Não acredito nessa hipótese. Os golpes de Estado, ao longo da história
universal, são desfechados quando
há idéias em choque, ou, se quiserem,
ideologias antagônicas. Tomando
como exemplo mais próximo e que
mais nos toca: o golpe de 64 foi executado no contexto da Guerra Fria,
quando havia o temor de que o Brasil
se tornasse comunista ou uma complicada república sindicalista -o
que daria mais ou menos na mesma.
Evidente que havia corrupção naquele tempo, como sempre houve.
Mas não foi isso o que motivou os militares a darem o golpe, ajudados por
entidades civis como o IPÊS e o IBAD
e com o apoio ostensivo dos Estados
Unidos, depondo João Goulart e caçando todas as bruxas acusadas de
subversão.
Foi assim também na Revolução
Russa e na Revolução Francesa.

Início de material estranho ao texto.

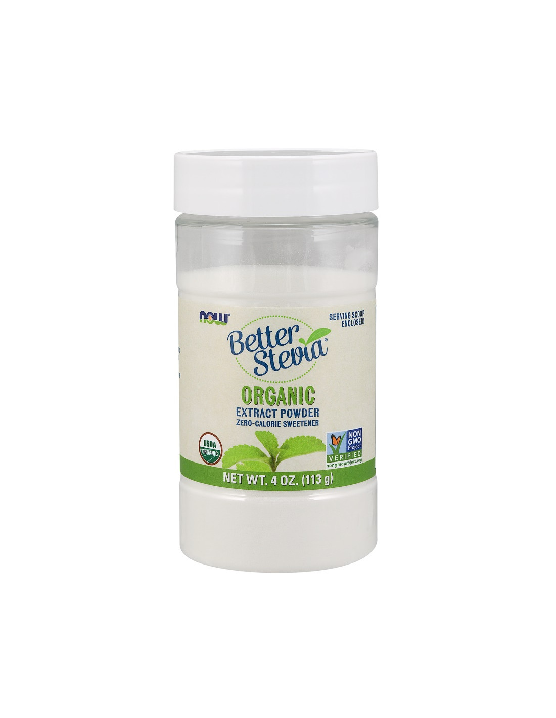 NOW® BetterStevia® Biologisch Extract Poeder is een zeer geconcentreerde tafelzoetstof, afkomstig van biologisch steviablad. Dit veganistische en glutenvrije poeder bevat nul calorieën en is gecertificeerd biologisch. Het is geschikt voor het zoeten van dranken, recepten en alledaagse gerechten.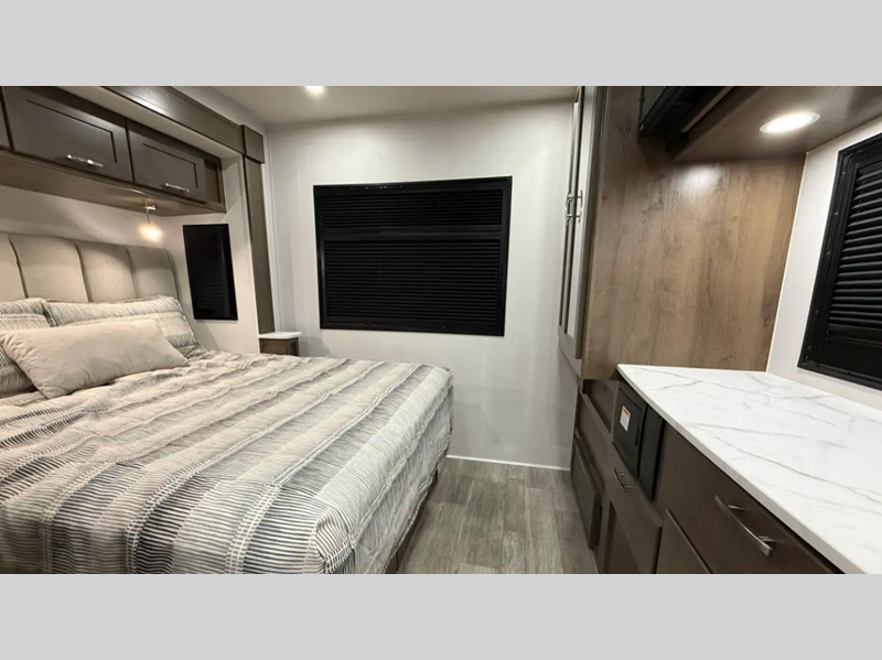 Sleeps 5 Slides 2 Length 34 ft 1 in Ext Width 8 ft 5 in Ext Height 12 ft 6 in Int Height 7 ft Interior Color Milano ll, Saddle, Desert (Dealer Stock Only) Exterior Color Custom Full Body Paint Package, Optional Single Color Full-Body Paint, Opt. Xplorer Package (Light, Dark or Midnight) Hitch Weight 15000 lbs GVWR 22000 lbs Fresh Water Capacity 78 gals Grey Water Capacity 45 gals Black Water Capacity 45 gals Furnace BTU 40000 btu Generator 8kW Onan Diesel Fuel Type Diesel Chassis Ford F600 XLT Horsepower 330 hp Fuel Capacity 66.5 gals Wheelbase 244 in Number Of Bunks 1 Available Beds Queen Torque 950 ft-lb Refrigerator Type 12V Refrigerator Size 15 cu ft Convection Cooking Yes Shower Size 30" x 36" Number of Awnings 1 Axle Weight Front 7250 lbs Axle Weight Rear 15500 lbs LP Tank Capacity 20.3 Water Heater Type On Demand AC BTU 30000 btu TV Info LR 40” Smart TV, BR 32" LED Smart TV Awning Info 16' Armless Patio with LED Lighting Gross Combined Weight 43500 lbs Shower Type Standard Electrical Service 50 amp Solar Wattage 200 watts Similar Floorplans

O
poder nas mãos de Luís 16, o czarismo nas mãos de Nicolau 2º, não acabaram por causa da decadência moral da monarquia francesa ou das
mandingas de Rasputin, que direta
ou indiretamente alimentavam a
corrupção, talvez maior e mais devastadora do que a nossa.
Foram idéias que levaram o rei à
guilhotina e o czar ao fuzilamento.
No primeiro caso, venceu o ideal republicano nascido com os enciclopedistas e alimentado por gênios como
Danton. No caso russo, venceu o
marxismo em versão bolchevista, alimentado por Lênin. Idéias, sempre
idéias.
Na crise que agora atravessamos,
inexiste o conflito de quaisquer
idéias, nem sequer há idéias em jogo.
Todos estão do mesmo lado: são éticos, republicanos, transparentes etc.
O que existe é a corrupção que corre
solta, encolerizando a nação. Muito
cuspe e nenhum tiro.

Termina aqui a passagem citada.